Input material
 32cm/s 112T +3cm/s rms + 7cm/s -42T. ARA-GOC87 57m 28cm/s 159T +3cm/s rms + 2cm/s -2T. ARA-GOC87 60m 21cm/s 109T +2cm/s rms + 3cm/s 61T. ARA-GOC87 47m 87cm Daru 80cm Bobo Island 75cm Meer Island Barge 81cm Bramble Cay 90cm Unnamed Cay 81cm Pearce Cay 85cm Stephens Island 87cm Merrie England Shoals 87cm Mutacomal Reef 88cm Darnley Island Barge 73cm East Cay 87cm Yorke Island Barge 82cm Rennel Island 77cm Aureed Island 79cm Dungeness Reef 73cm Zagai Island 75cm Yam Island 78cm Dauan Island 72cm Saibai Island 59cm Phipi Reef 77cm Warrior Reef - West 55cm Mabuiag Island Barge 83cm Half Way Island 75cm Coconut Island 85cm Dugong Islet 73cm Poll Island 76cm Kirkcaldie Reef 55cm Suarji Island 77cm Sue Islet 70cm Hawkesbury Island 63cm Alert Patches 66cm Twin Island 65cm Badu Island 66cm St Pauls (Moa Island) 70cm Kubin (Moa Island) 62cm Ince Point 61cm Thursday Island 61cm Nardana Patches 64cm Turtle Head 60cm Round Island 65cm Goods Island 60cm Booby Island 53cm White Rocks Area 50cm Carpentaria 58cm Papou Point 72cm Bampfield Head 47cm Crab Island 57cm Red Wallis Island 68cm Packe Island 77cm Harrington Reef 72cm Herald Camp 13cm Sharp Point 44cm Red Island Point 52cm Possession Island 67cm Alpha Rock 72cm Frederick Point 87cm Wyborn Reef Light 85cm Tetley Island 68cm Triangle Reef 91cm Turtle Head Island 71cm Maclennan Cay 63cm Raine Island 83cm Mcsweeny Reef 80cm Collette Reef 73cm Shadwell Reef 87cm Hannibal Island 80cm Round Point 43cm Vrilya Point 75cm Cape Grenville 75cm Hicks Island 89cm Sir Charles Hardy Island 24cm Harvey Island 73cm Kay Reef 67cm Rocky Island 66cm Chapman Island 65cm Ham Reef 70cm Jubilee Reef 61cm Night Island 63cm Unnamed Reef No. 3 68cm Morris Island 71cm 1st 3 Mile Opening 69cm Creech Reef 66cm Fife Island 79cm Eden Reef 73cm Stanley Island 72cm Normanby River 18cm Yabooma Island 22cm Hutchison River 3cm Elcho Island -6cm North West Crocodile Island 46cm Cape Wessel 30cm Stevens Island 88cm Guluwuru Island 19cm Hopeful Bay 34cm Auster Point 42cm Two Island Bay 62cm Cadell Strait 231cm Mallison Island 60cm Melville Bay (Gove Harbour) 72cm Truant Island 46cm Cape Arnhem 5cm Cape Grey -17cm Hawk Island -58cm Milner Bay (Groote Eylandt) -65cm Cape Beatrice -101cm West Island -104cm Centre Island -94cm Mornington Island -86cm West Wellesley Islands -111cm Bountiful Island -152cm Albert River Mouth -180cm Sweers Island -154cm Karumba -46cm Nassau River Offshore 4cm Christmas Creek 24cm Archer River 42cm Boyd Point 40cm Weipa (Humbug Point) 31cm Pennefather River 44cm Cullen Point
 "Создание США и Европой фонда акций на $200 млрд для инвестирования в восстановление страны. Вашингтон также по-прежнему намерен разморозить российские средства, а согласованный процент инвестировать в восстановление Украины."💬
---
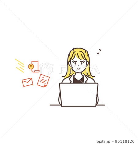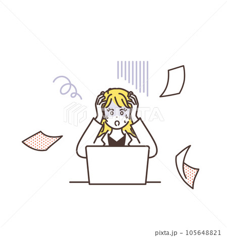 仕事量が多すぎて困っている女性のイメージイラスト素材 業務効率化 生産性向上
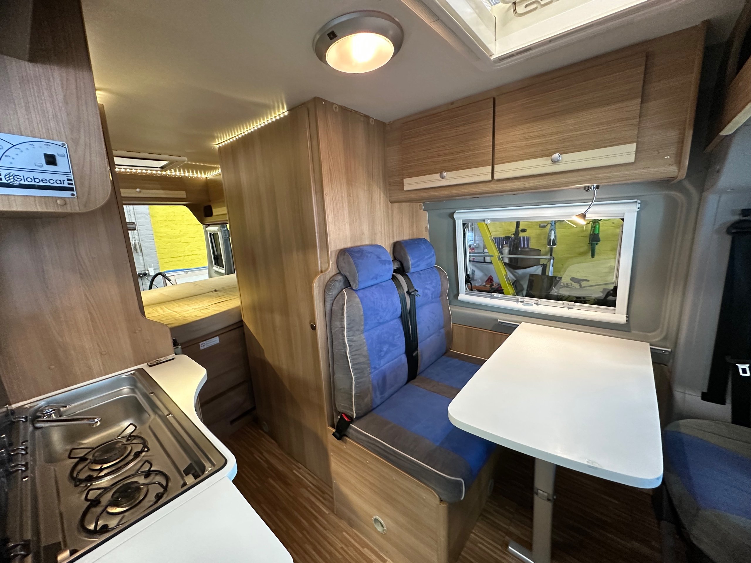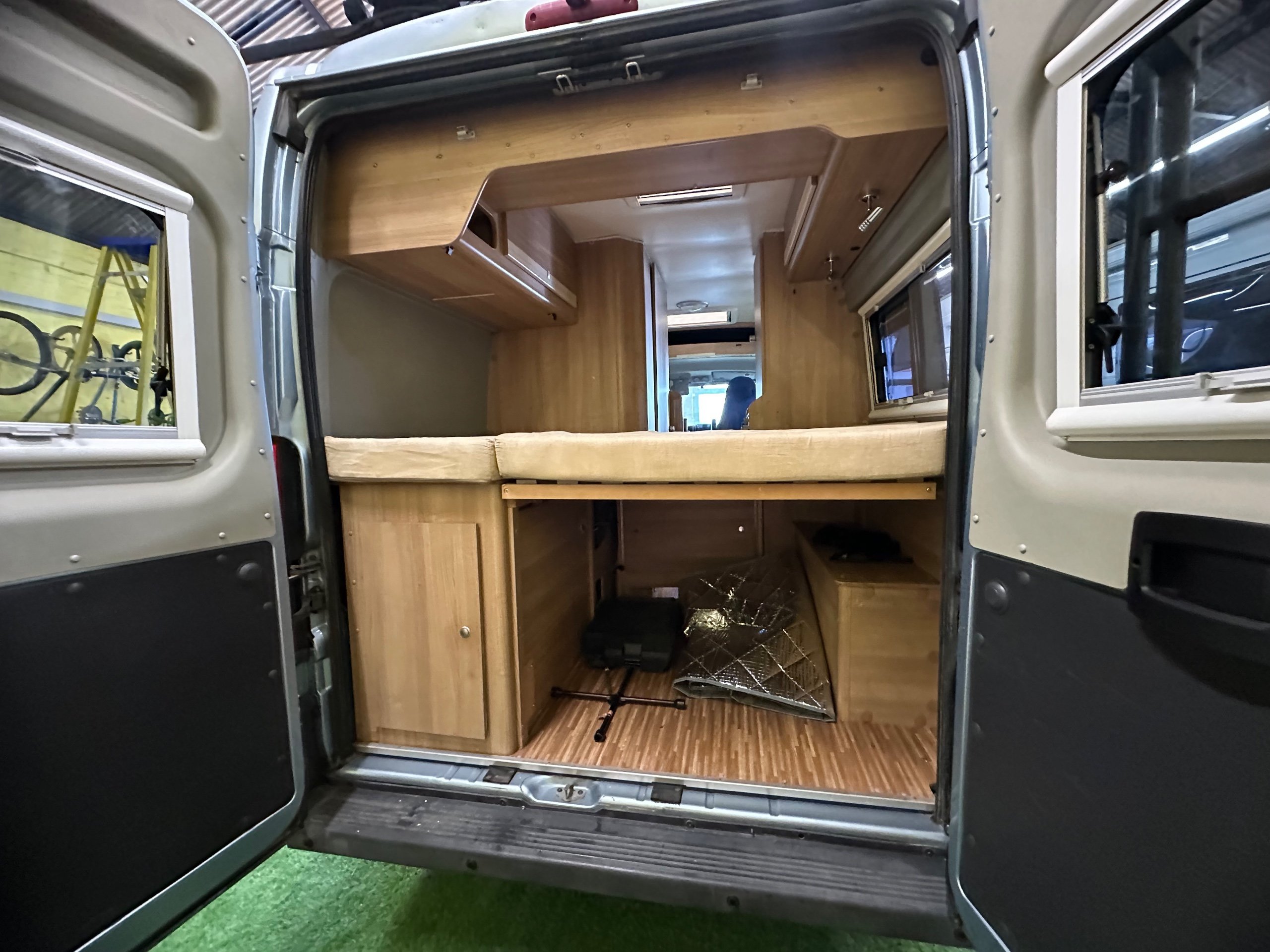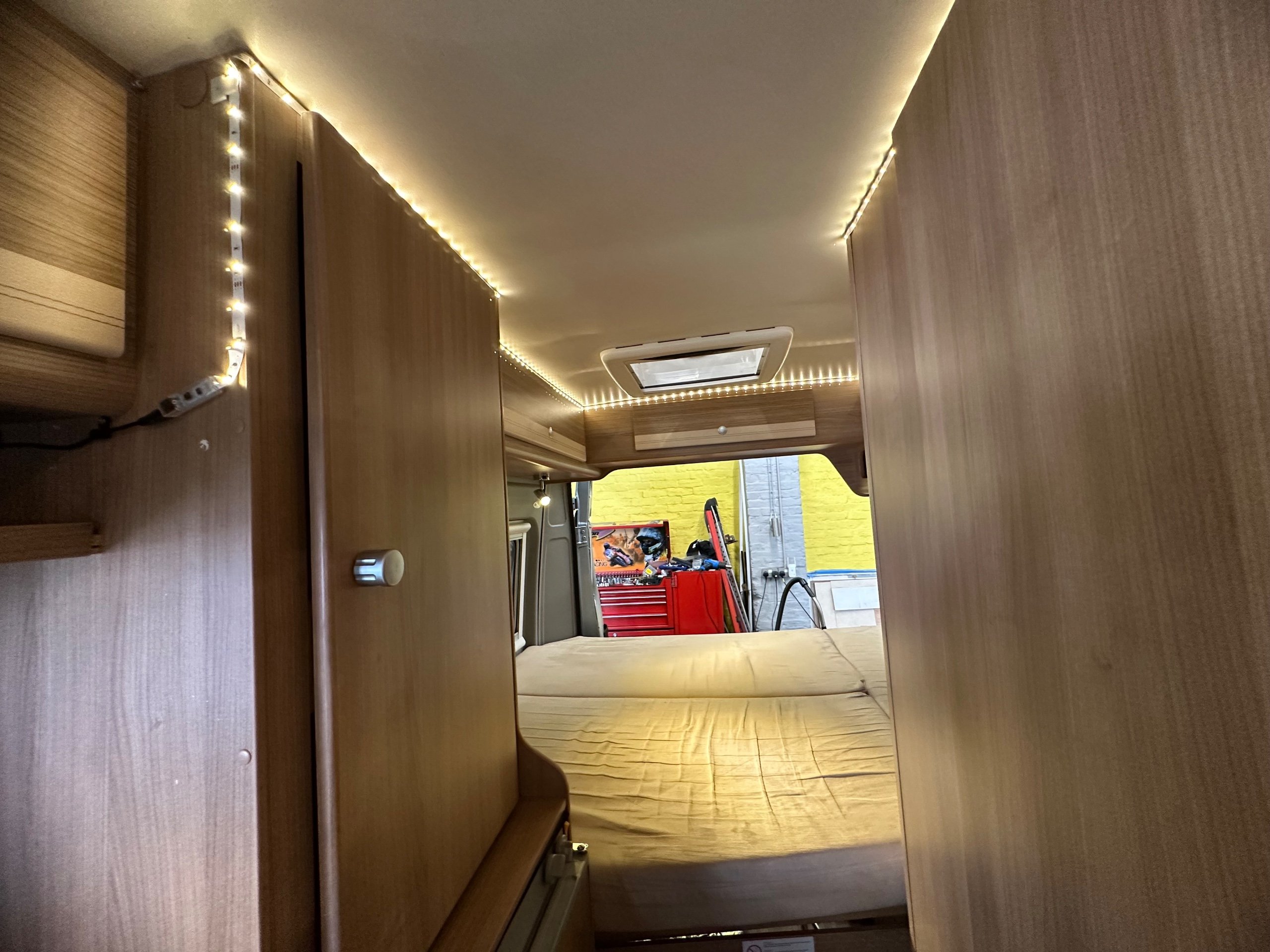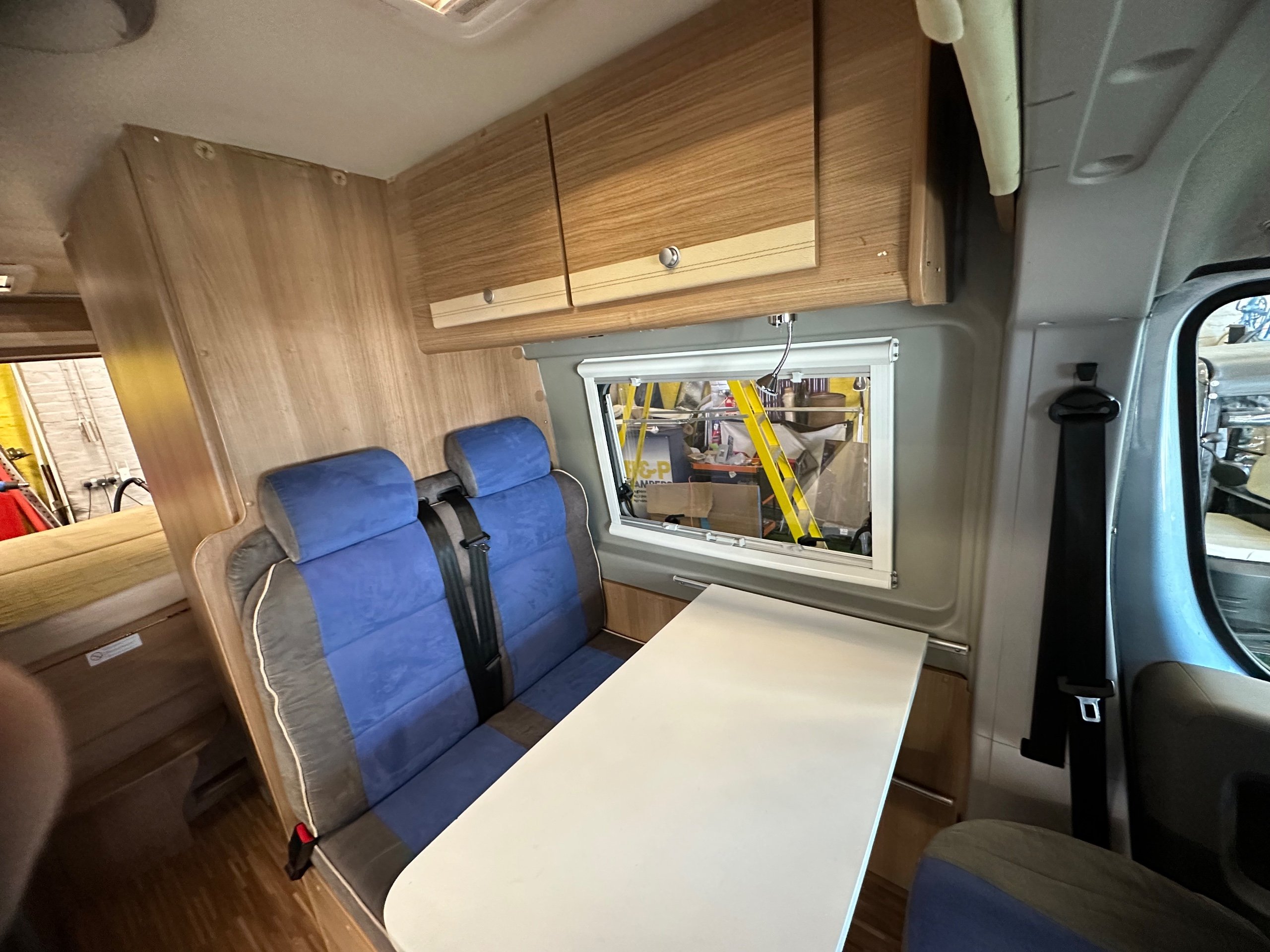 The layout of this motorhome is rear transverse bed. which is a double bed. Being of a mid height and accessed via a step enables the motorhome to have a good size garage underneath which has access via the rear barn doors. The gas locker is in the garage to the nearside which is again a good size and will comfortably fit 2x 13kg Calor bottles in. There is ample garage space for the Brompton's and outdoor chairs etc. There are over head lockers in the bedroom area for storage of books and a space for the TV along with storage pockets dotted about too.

Task details
Find the line with "仕事量が多すぎて困っている女性のイメージイラスト素材 業務効率化 生産性向上" in the data above, and from there retype each line exactly through the line with "The layout of", skipping the pictures along the way.

Task output
 仕事量が多すぎて困っている女性のイメージイラスト素材 業務効率化 生産性向上
 The layout of this motorhome is rear transverse bed. which is a double bed. Being of a mid height and accessed via a step enables the motorhome to have a good size garage underneath which has access via the rear barn doors. The gas locker is in the garage to the nearside which is again a good size and will comfortably fit 2x 13kg Calor bottles in. There is ample garage space for the Brompton's and outdoor chairs etc. There are over head lockers in the bedroom area for storage of books and a space for the TV along with storage pockets dotted about too.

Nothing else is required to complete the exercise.